Laughing seems so out of place these days.

He has too many ex-wives to make culling through old photos a pleasant task. Too many unpleasant memories to make reliving the past pleasurable.

This was supposed to be payoff time. These were the salad days for which he had been waiting 20 years. All the roller coasters — personal, emotional, financial — the failures, the false starts and the missteps, they were behind him. This was when he could smell the roses and be the best person he could be. And then this nonsense happened.

He thinks about having sex – sort of a weekend ritual around the Curtas manse — but why bother?

Now he knows how caged animals feel at the zoo. They exist, they feed, they wander about in a state of comfortable stupor, but the will to mate, to connect, isn’t there. Why bother? Sex is an affirmation of life. What is to be affirmed anymore? A society that’s afraid of its own shadow? People losing their shit over a cold/flu virus? Bankruptcies? Staggering unemployment?
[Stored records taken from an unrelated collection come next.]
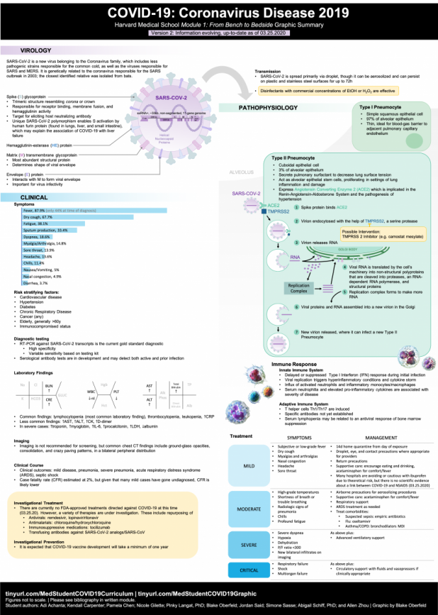 A team of students from Harvard Medical School, including a number of HST MD and MD-PhD students, responded quickly to organize grassroots efforts against the Covid-19 pandemic. They identified two main opportunities for impact: activism and education. Their activism effort involves coordinating opportunities for students to provide on-the-ground help in both the community and clinical settings. Education efforts have resulted in a public-facing social media campaign (see @FutureMDvsCOVID) and in the rapid development of a free curriculum for anyone in the biomedical community interested in learning about Covid-19.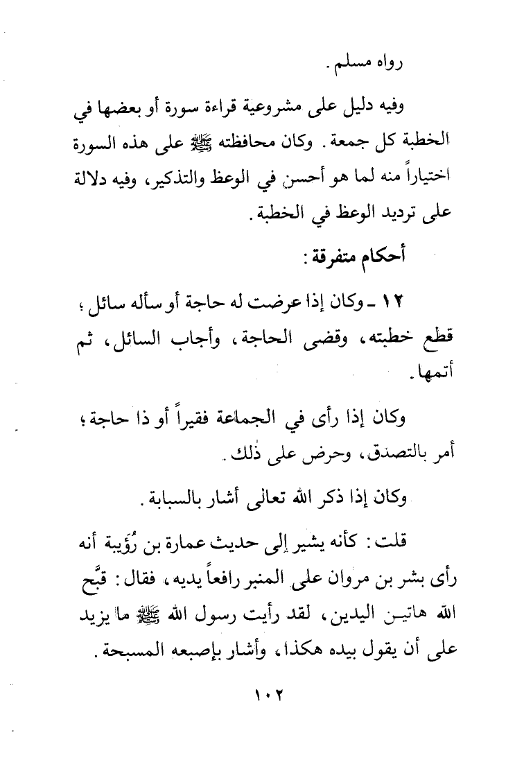 12 - وكان إذا عرضت له حاجة أو سأله سائل قطع خطبته وقضى الحاجة وأجاب السائل ثم أتمها.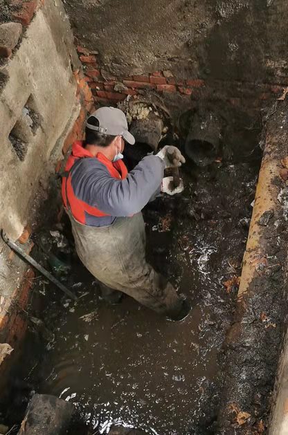 在10月中旬的注水排查过程中,柳园2号楼阀门井内的异常积水现象引起工作人员的重视,他们推测是暖气管道破裂引起的漏水,并立即展开维修。暖气管道排列在地下管道沟中,其漏水情况肉眼无法观察,也很难用机器检测,只有维修人员钻进沟中才能进行排查。经过通风后,王猛、刑培育、杨勇等维修人员穿上皮裤,在高一米二的地沟中,猫着腰往深处前行。厕所排出的污水让沟内的空气格外混浊,水位最深处已经漫过膝盖,昏暗的地沟中,头灯成为指引前行方向唯一的光源。在地沟中弯腰前行了80多米后,他们找到了管道漏水点,最终抢修完毕。排查过程中,许多宿舍楼的外部管道出现爆管情况。工作人员每天都要进行巡查,一旦发现隐患,第一时间展开挖沟、停水、控管、换管等一系列维修工作。例如,在修补柳园17号楼前的管道时,他们从下午两点一直忙碌到凌晨一点多,不分昼夜地抢修了11个小时,对坏损的管道和阀门进行更换,为后期供暖又添一道保障。

Jesus fucking Christ, he thinks, modern medicine hasn’t found a cure for the common cold. 40,000 people die of the flu in America every year. And this shit is where we’ve decided to draw a line in the viral sand?

The Food Gal® is full of energy (as usual) but even she feels the ennui. Or maybe his sour mood is contagious.

Small chores are done. Clothes folded here, books straightened up there. Some reading. A glass of wine is sipped without thought or pleasure. Can’t remember the last time that happened…

Thank god for TCM. When the will to keep your eyes open requires herculean effort, at least there’s Captains Courageous, Shane, or Gone With the Fucking Wind to keep you entertained.

Here’s the kind of nonsense we’re subjected to everyday (from The Atlantic Monthly): “Soon, most everyone in the United States will know someone who has been infected.”

No, no, and fuck no. Not a chance in hell no.

Never in his life has he been more enraged at the press. Remember, 12 days ago they were predicting 60% of America would catch the virus? And 3% would die from it? That’s 170,000,000 million sick and 9 million dead fer chrissakes! Of a virus that’s claimed 1,000+ dead IN THE ENTIRE UNITED STATES as of this writing.

But say it out loud and the health mob jumps down your throat.

“You don’t understand exponential growth,” they say.

He does understand it. Exponential growth is how one makes a proper mille feuille.

The only thing growing exponentially in America these days is delusional hysteria, his sour mood, and unemployment.

Sunday is usually reserved for Asian. It’s when they go pan-Pacific food pursuing on Spring Mountain Road. He’s been going to Spring Mountain Road for Chinese/Asian food for 25 years.

Today there will be no going to Spring Mountain Road. His refrigerator is filled with leftovers, despair, and a 3-pound brick of pulled pork.

There will be no Chinatown on this Sunday; there will be no sex. There will only be watching the soul drain from the earth, because we are now afraid of ourselves.